In this article, we paid tribute to Suzanne Somers, who died on October 15, 2023, one day before her 77th birthday, after a long battle with breast cancer. We learned about her life and career, her achievements and awards, her impact and legacy, her controversies and criticisms, and her personal and professional ups and downs. We also learned about her views and choices on health and wellness, and how she inspired millions of people with her alternative treatments and lifestyle.

We hope that this article gave you a better understanding and appreciation of Suzanne Somers, who was more than just a sexy icon on TV. She was also a health and wellness pioneer who advocated for natural and holistic approaches to healing.
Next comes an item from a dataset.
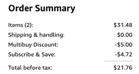 When you place your first Subscribe & Save order, you’ll get the minimum discount that’s listed for your item. Then when you have five or more active subscriptions shipped to the same address, you’ll unlock the maximum discount to save even more.
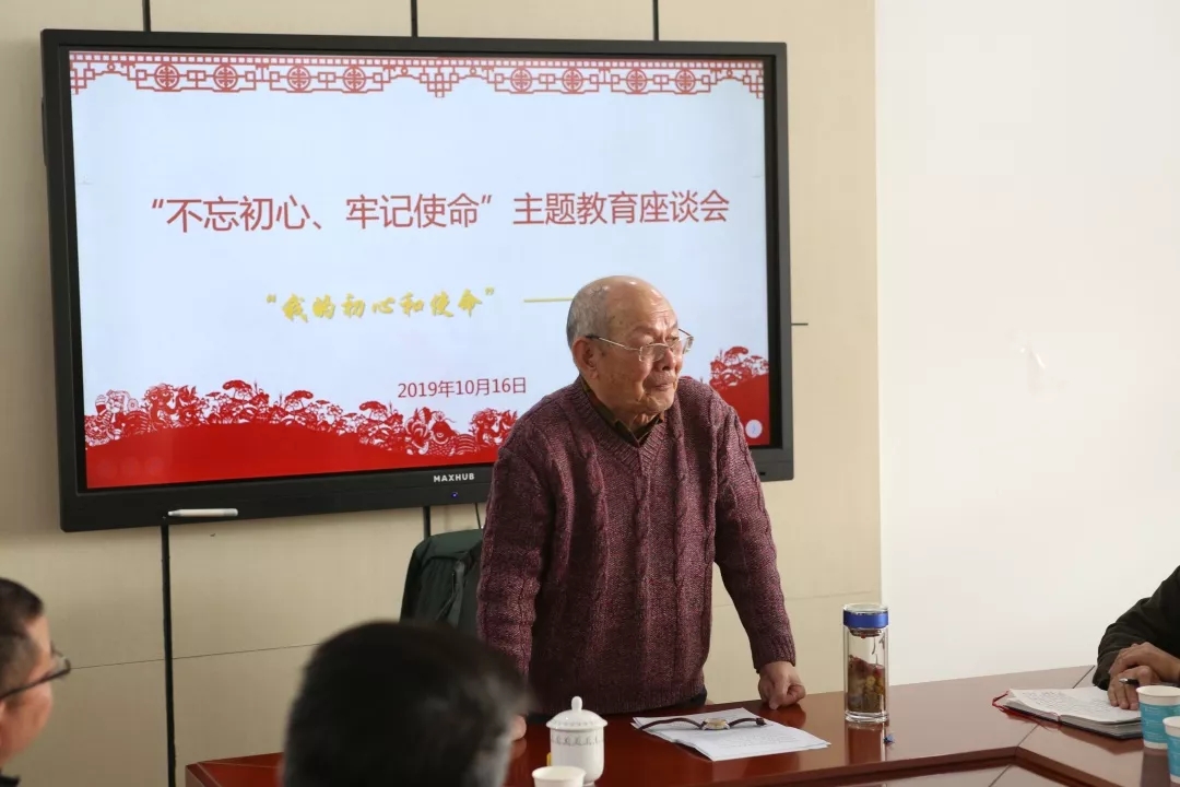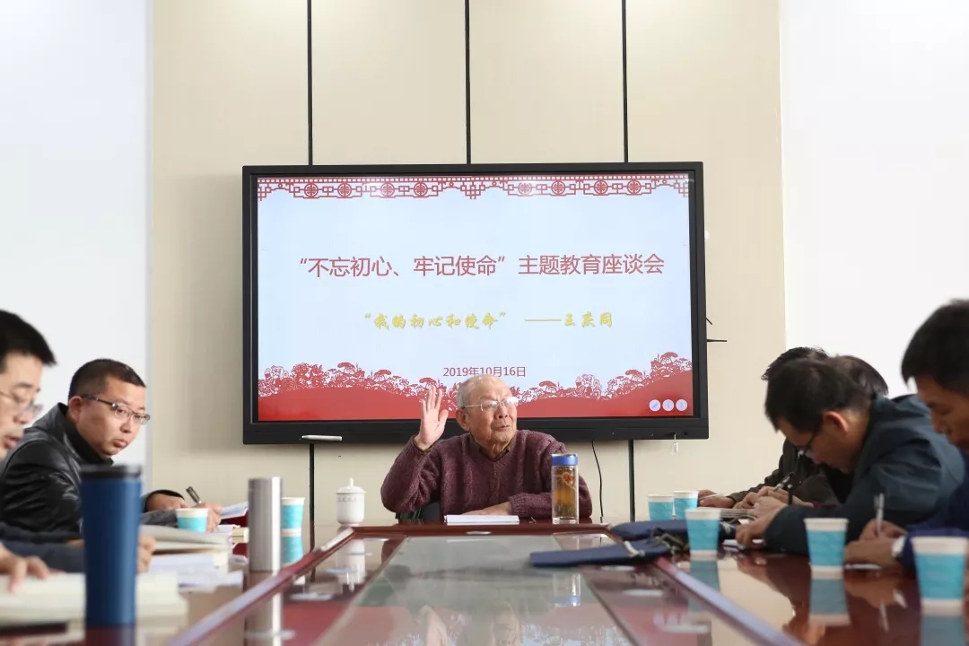 座谈会上,王庆同老师从自己岗位选择、履行岗位职责的过程向大家讲述了自己的初心和使命。1958年,王庆同老师从北京大学毕业后,22岁的他怀着极大的报国热情来到了宁夏。他说:“尽管银川的荒凉让我大吃一惊,但未动摇我要在远离北京的这个边远地方坚持下去的决心。”

She was a survivor, a fighter, and a lover. She was a sexy icon and a role model. She was Suzanne Somers.

FAQ

Here are some frequently asked questions about Suzanne Somers and her life.

  • When and where was Suzanne Somers born?
  • Suzanne Somers was born on October 16, 1946, in San Bruno, California. Her birth name was Suzanne Marie Mahoney.
  • What were some of her most famous roles on TV?
  • Some of her most famous roles on TV were Chrissy Snow on Three's Company (1977-1980) and Carol Foster Lambert on Step by Step (1991-1998).
  • What were some of her best-selling books?
  • Some of her best-selling books were Keeping Secrets (1988), The Sexy Years (2004), Ageless (2006), Knockout (2009), and A New Way to Age (2020).
  • What were some of her controversial views on health?
  • Some of her controversial views on health were bioidentical hormone replacement therapy (BHRT) and alternative cancer treatments.
  • How did she die?
  • She died on October 15, 2023, one day before her 77th birthday, after a long battle with breast cancer. She passed away peacefully at her home in Palm Springs, California.